_EXERCISE DESCRIPTION_. Line by line, restate the material word for word, omitting any image.

_SUPPLIED DATA_.
────────────────
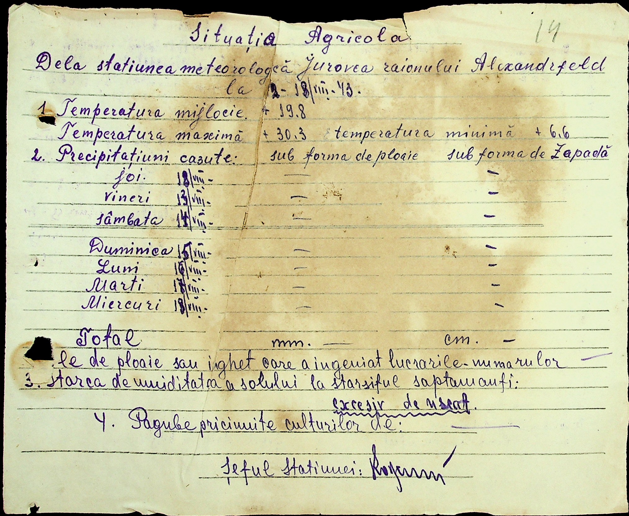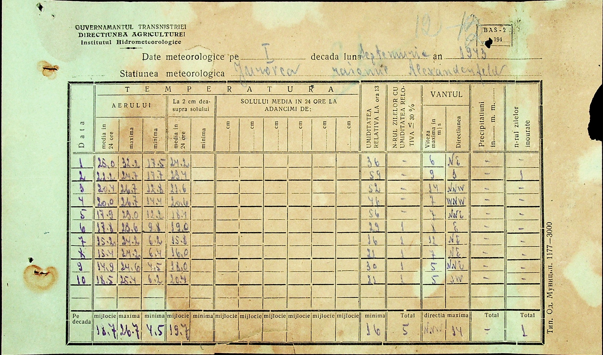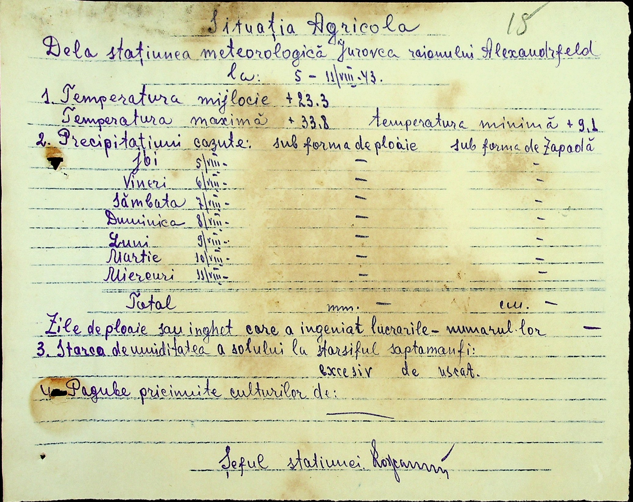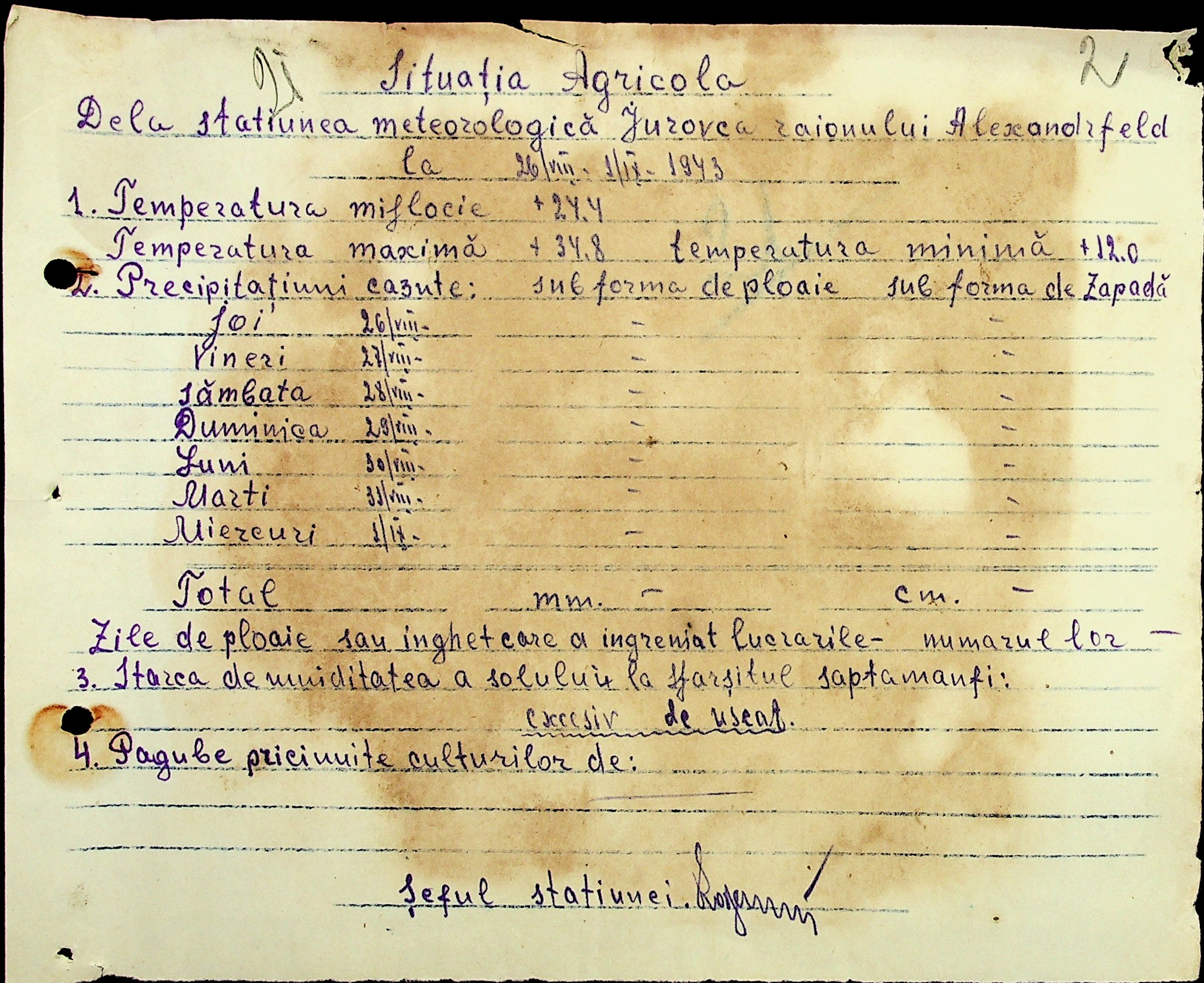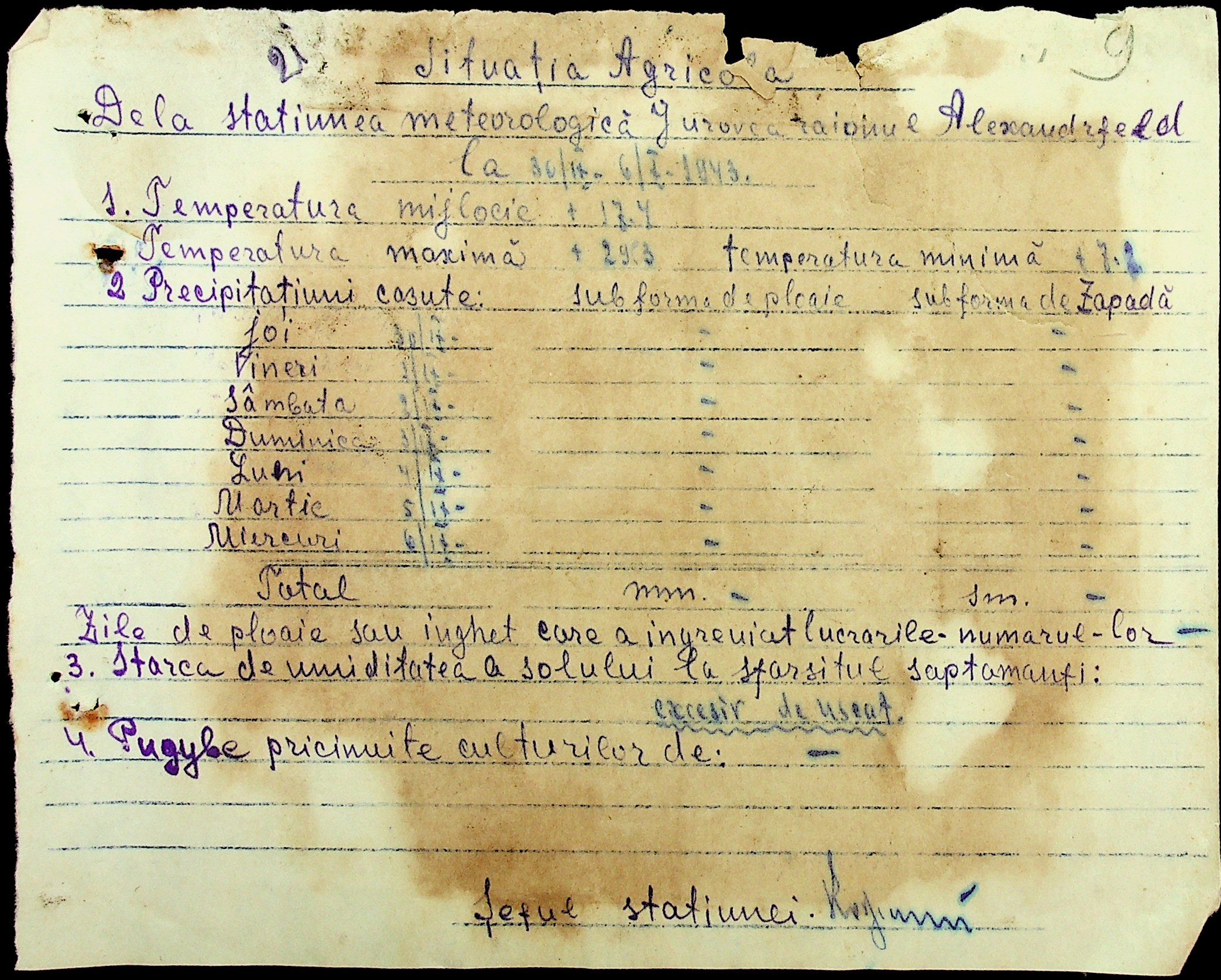 • • • • Справа № 49 “Наказ дирекції агрокультур губернаторства Трансністрії (копія) про надання метеорологічною станцією с. Журівка відомостей про прогноз погоди та зведень спостережень до Гідрометеорологічного інституту м. Одеса”
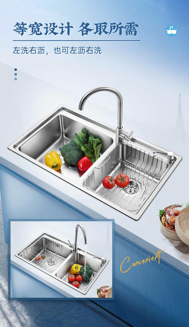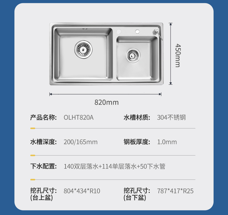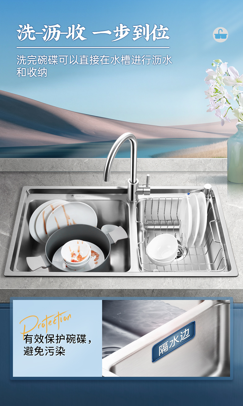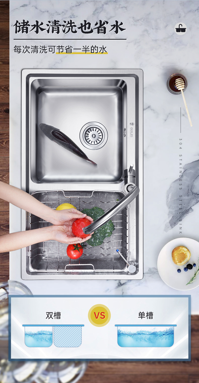 欧琳(OULIN)厨房水槽双槽套餐78452 304不锈钢洗菜盆 水盆加深加厚水池洗碗池
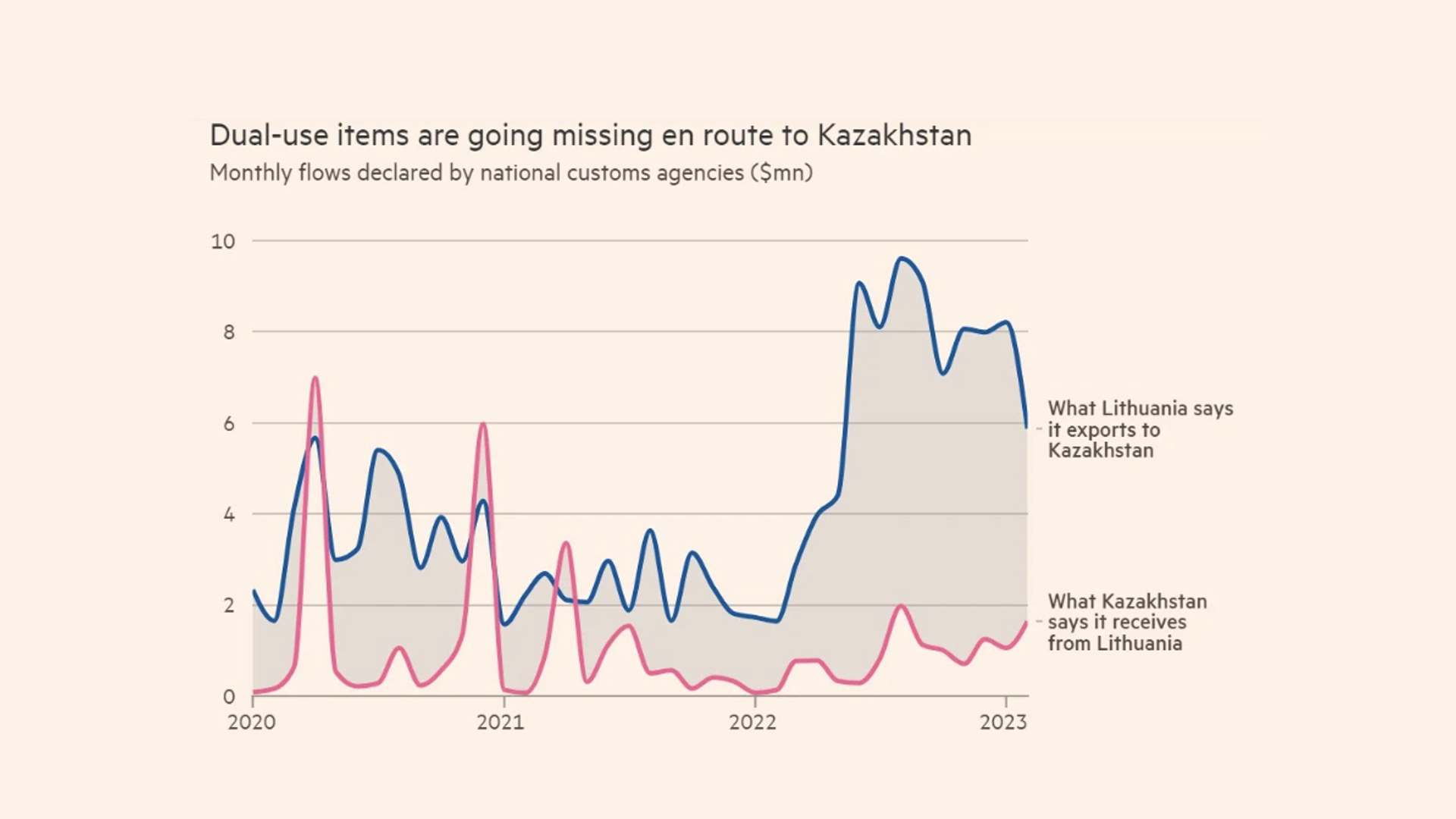 Вот, например, графика, сколько было отправлено из Литвы в Казахстан, и вот сколько Казахстан получил.
────────────────
_THE COMPLETED TASK_.
 • • • • Справа № 49 “Наказ дирекції агрокультур губернаторства Трансністрії (копія) про надання метеорологічною станцією с. Журівка відомостей про прогноз погоди та зведень спостережень до Гідрометеорологічного інституту м. Одеса”
 欧琳(OULIN)厨房水槽双槽套餐78452 304不锈钢洗菜盆 水盆加深加厚水池洗碗池
 Вот, например, графика, сколько было отправлено из Литвы в Казахстан, и вот сколько Казахстан получил.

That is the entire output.